- Interactive map of Wortham, Missouri
- Coordinates: 37°50′40″N 90°36′31″W﻿ / ﻿37.84444°N 90.60861°W
- Country: United States
- State: Missouri
- County: St. Francois

Area
- • Total: 0.90 sq mi (2.33 km^{2})
- • Land: 0.89 sq mi (2.31 km^{2})
- • Water: 0.0077 sq mi (0.02 km^{2})
- Elevation: 889 ft (271 m)

Population (2020)
- • Total: 197
- • Density: 221.0/sq mi (85.34/km^{2})
- FIPS code: 29-81088
- GNIS feature ID: 2587125

= Wortham, Missouri =

Wortham is a census-designated place in St.
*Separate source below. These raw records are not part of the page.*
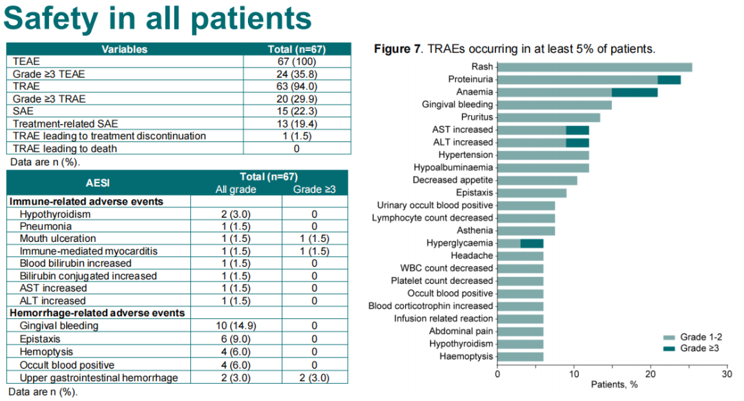 骆卉妍教授:首先给大家介绍一下研究结果,Ⅰb期研究主要是探索药物安全性和确定最佳剂量,共入组14例患者,安全性良好,未观察到DLT(Dose-limiting toxicity,剂量限制性毒性),最后确定的Ⅱ期推荐剂量为贝伐珠单抗15 mg/kg,SHR-1701 30 mg/kg,三周一次。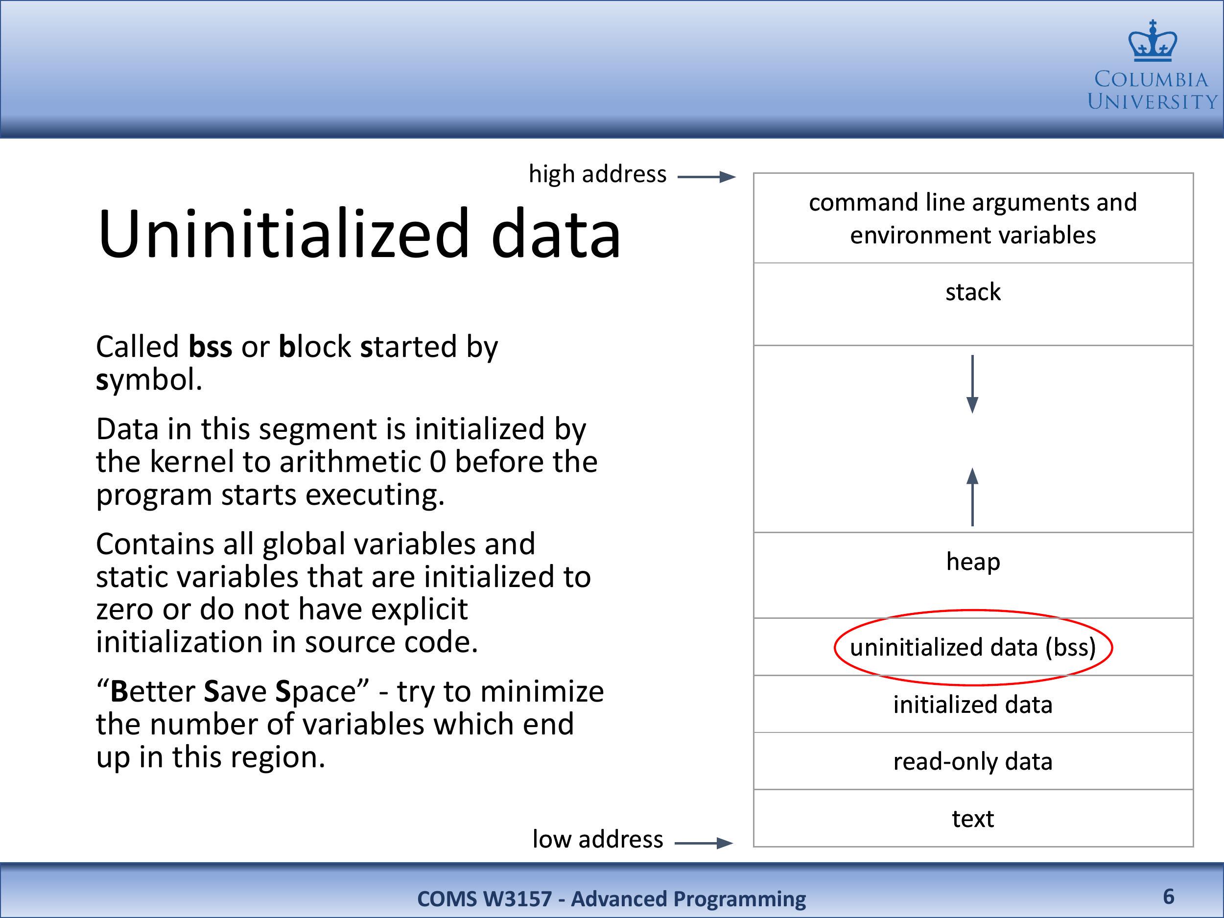 此段中的数据在程序开始执行前由内核初始化为算术 0。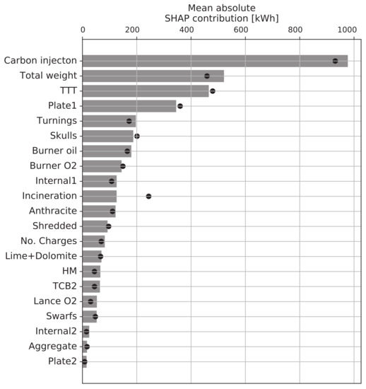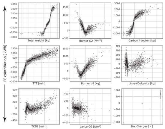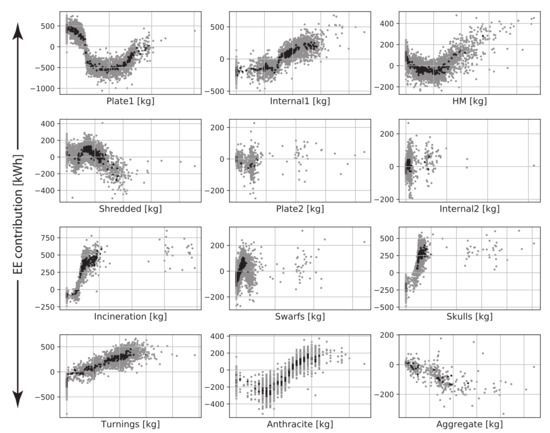 Many articles have studied and proposed statistical models predicting the EE consumption of the EAF [1,2]. However, only a handful of studies have used scrap types as input variables to a statistical model predicting the EE of an EAF [2,3,4,5,6,7]. Neither of these studies analyze the contributions of each scrap type on specific predictions by the statistical model. Verifying the effects of the input variables on the complete prediction space is paramount to evaluate the practical usefulness of any statistical model let alone to make the users, i.e., process engineers, trust the model. Only when these two conditions are met can the model possibly be used to solve practical problems. An example of a practical problem where an EE prediction model can be used is when determining the EE requirement for the EAF in a Demand Side Management (DSM) system, which optimizes the processes in a steel plant with respect to the available power in the transmission line [8].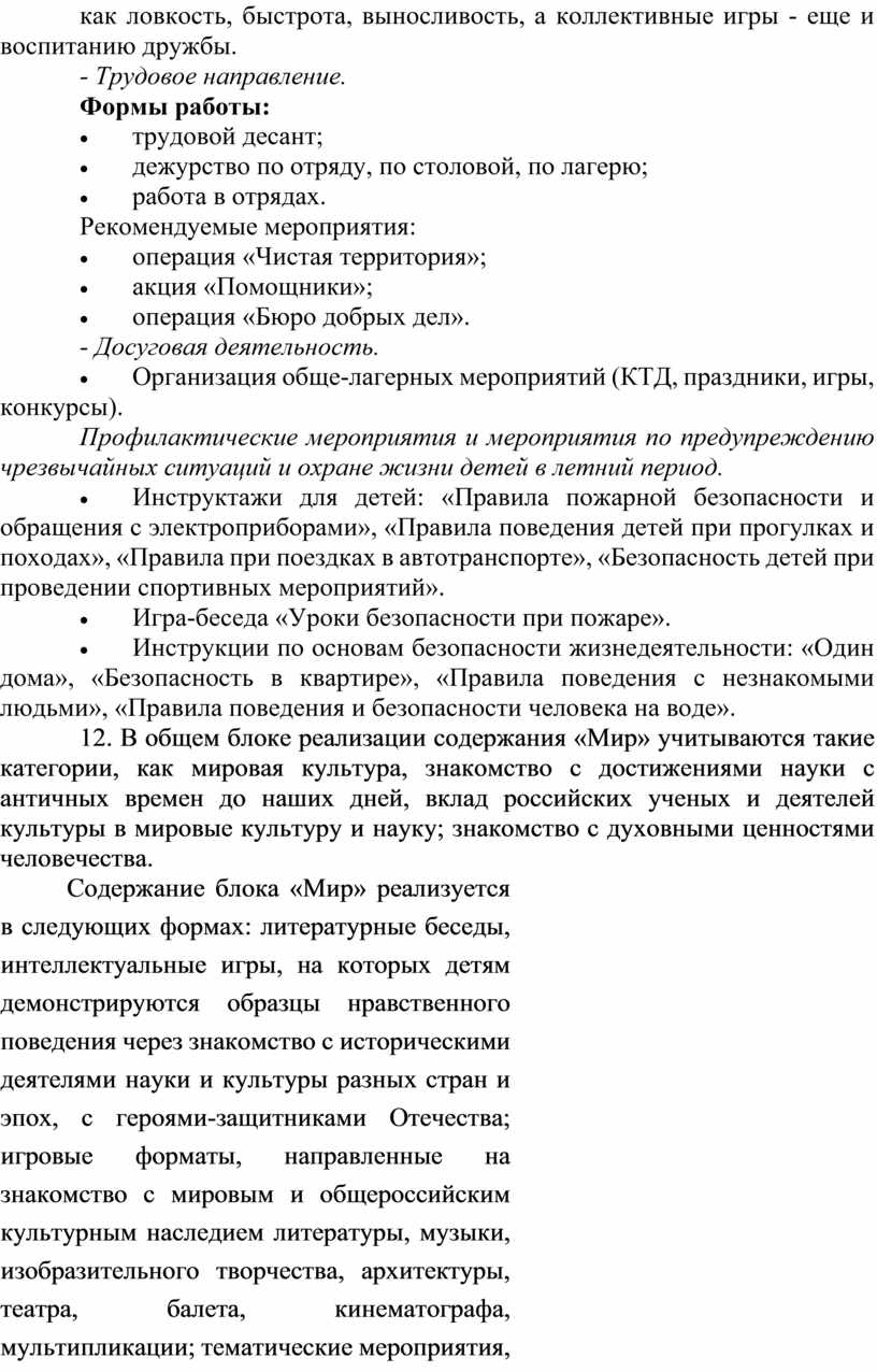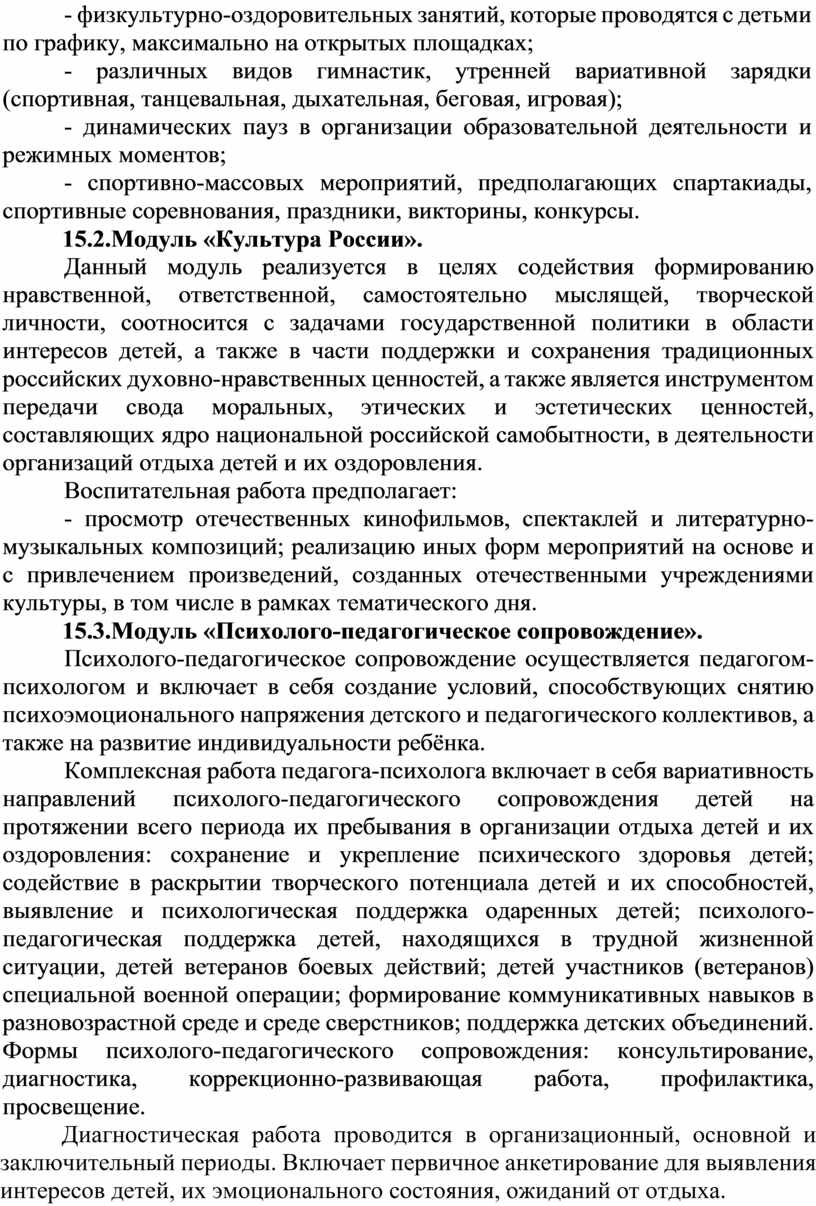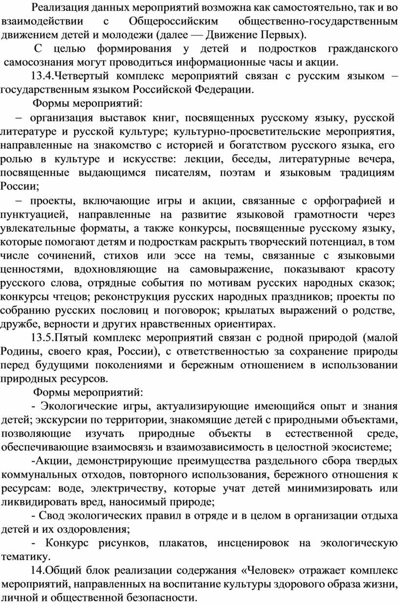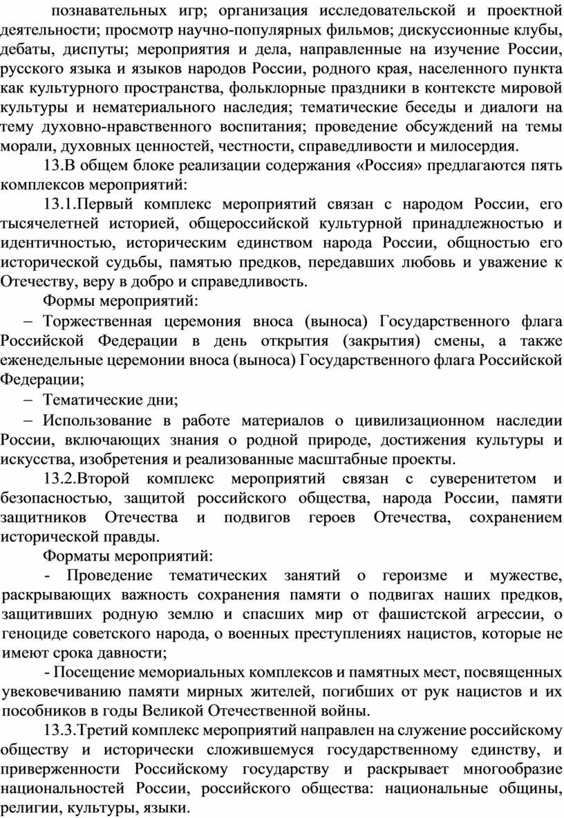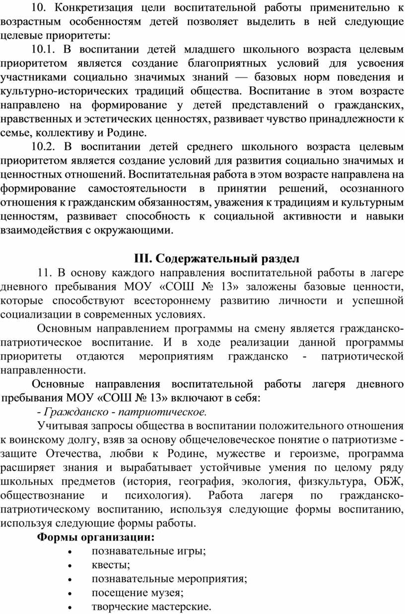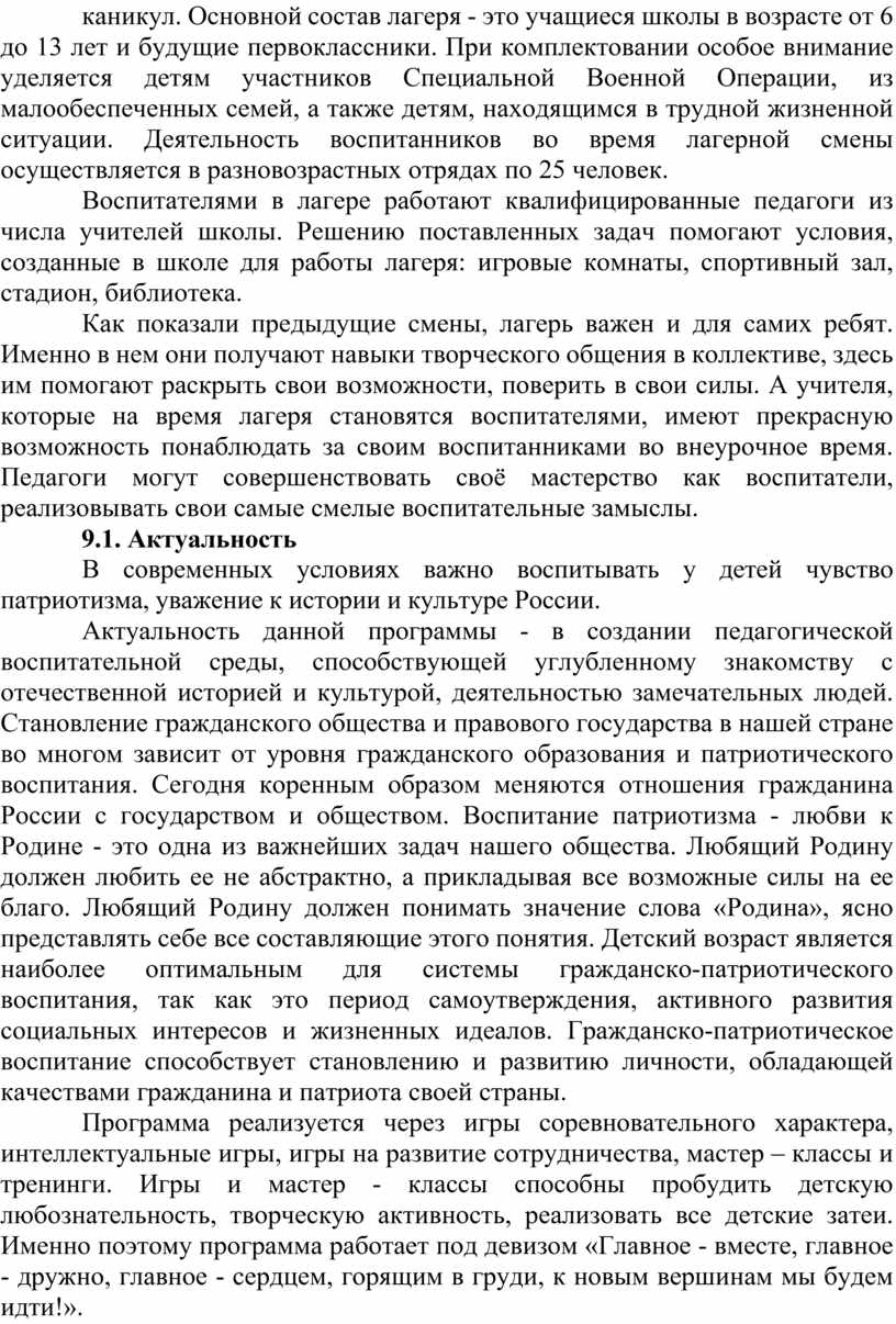 10. Программа разработана с учетом возрастных и психологических особенностей участников, направлена на формирование у них патриотизма, социальной ответственности и уважения к многообразию культур народов России, а также развитие личностных качеств, способствующих успешной социализации, формированию экологического сознания и эстетического вкуса, развитию способностей к самовыражению в различных видах творчества и уважительного отношения к труду, укреплению ценности семьи, дружбы, труда и знаний, поддержанию физического и психологического здоровья.

Francois County, in the U.S. state of Missouri.

As of the 2020 census, Wortham had a population of 197.
==Demographics==

Historical population
| Census | Pop. | Note | %± |
| 2020 | 197 |  | — |
U.S. Decennial Census

==History==
Wortham was originally called "Cherrytown", and under the latter name was platted in 1904. A post office called Wortham was established in 1925 and remained in operation until 1969. An early postmaster, Ray Wortham, gave the community its name.